Here, the agreement regarding the preemptive option provided that "there is a mutual agreement between William G. Engdall, and Wadsworth Enterprises and Wadsworth Family Trust, a partnership, that if the property known as Waddy's Mago Point Marina is to be sold to parties outside the Wadsworth family that William G. Engdall will have the privilege of First Refusal." The defendants argue that, under the Supreme Court's holding in Hare v. McClellan, supra, 234 Conn. 581, this preemptive option is an unreasonable restraint on alienation because it fails to state the duration of the option and the method by which the option price is to be determined. The defendants state that "the Right of First Refusal lacks a minimum of two of the three requirements . . . to qualify it as a reasonable restraint on alienation."

The defendants' conclusion misstates the Supreme Court's holding. In Hare v. McClellan, supra. 234 Conn. 581, the plaintiff sought an injunction requiring the defendant to convey to him a certain parcel of land on which the plaintiff claimed to have a preemptive option. Id., 583. The preemptive option provided that "[i]n the event that the Seller offers for sale land contiguous to the within described premises, with exceptions and qualifications as hereinafter noted, the Buyer shall have an option to purchase same for the asking price and for a period not to exceed thirty days after written notice has been mailed by the Seller to the Buyer at the Buyer's last known address." Id., 584. The defendant moved for summary judgment on the ground that the preemptive option was an unreasonable restrain on alienation. Id., 585. The trial court granted the defendant's motion. The Supreme Court reversed on the ground that the trial court had failed to consider the three factors mentioned above. Id., 593. The case was remanded to the trial court for factual findings regarding the three factors despite the fact that the language creating the preemptive option made no mention of its purpose. Id., 597. Consequently, Hare cannot stand for the proposition, as stated by the defendants, that the language creating a preemptive option must specifically mention duration, purpose, and method of determining price.

The defendants argue, however, that the court may not look to parol or extrinsic evidence in order to determine the duration of the preemptive option or the method of determining the price. The defendants agree with the plaintiff that extrinsic evidence is always admissible "to explain an ambiguity appearing in the instrument." Heyman Associates No. 1 v. Insurance Co. of Pennsylvania, 231 Conn. 756, 780, 653 A.2d 122 (1995). "In arriving at the intent expressed . . . in the language used, however, it is always admissible to consider the situation of the parties and the circumstances connected with the transaction, and every part of the writing should be considered with the help of that evidence." Hare v. McClellan, supra, 234 Conn. 593-94. This court, therefore, may consider extrinsic evidence in determining what the parties specifically meant when they provided for a "privilege of First Refusal."
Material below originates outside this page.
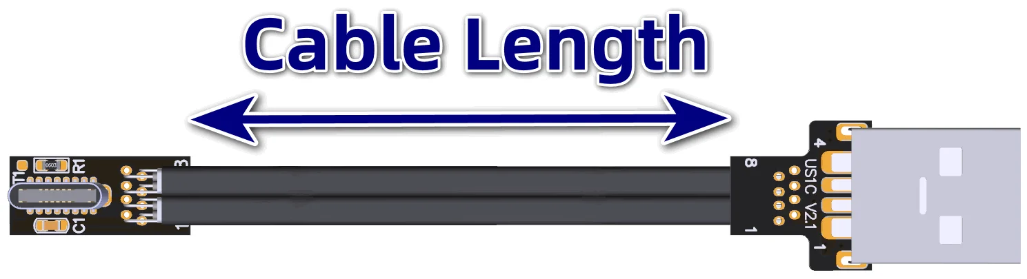 La Longitud del cable se refiere a la parte del cable visible. No incluye el PCB ni el conector. Para la longitud del cable, consulte la flecha azul de 5cm en la siguiente figura.
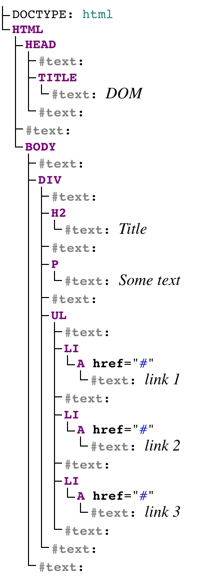 Текстовые узлы (text node) — образуются текстом внутри элементов. Текстовый узел содержит только строку текста и не может иметь потомков, то есть он всегда на самом нижнем уровне иерархии. Пробелы и переносы строк - это тоже текстовые узлы.

Furthermore, contrary to the defendants' assertion, the failure to specifically mention the duration of the option and the method for determining the price does not render the preemptive right unreasonable, because the Supreme Court has "long held that an agreement will not be rejected if the missing terms can be ascertained, either from its express terms or by fair implication." Presidential Capital Corp. v. Reale, 231 Conn. 500, 507-08, 652 A.2d 489 (1994). "Commentators and other courts have followed this approach as well. The supplied terms, referred to by Professors Calamari and Perillo as `gap-fillers,' are implied not because they are just or reasonable, but rather for the reason that the parties must have intended them and have only failed to express them . . . or because they are necessary to give business efficacy to the contract as written, or to give the contract the effect which parties, as fair and reasonable [persons], presumably would have agreed if, having in mind the possibility of the situation which had arisen, they contracted expressly in reference thereto." (Internal quotation marks omitted.) Id., 508 n. 7. The preemptive option is not automatically void, therefore, simply because some of the terms of the agreement are missing. As stated above, the determination of whether the preemptive option is valid and reasonable can be made only after factual determinations regarding the purpose, duration, and method of setting the price for the property.

CONCLUSION

Whether a preemptive option is reasonable is a question that can only be answered on the basis of factual findings regarding the preemptive option's purpose, duration, and method of determining the price. Consequently, there remain genuine issues of material fact to be decided with respect to the counterclaim. Furthermore, an agreement for a preemptive option is not void as a matter of law, simply because some terms of the agreement are missing. The defendants' motion for summary judgment is therefore denied.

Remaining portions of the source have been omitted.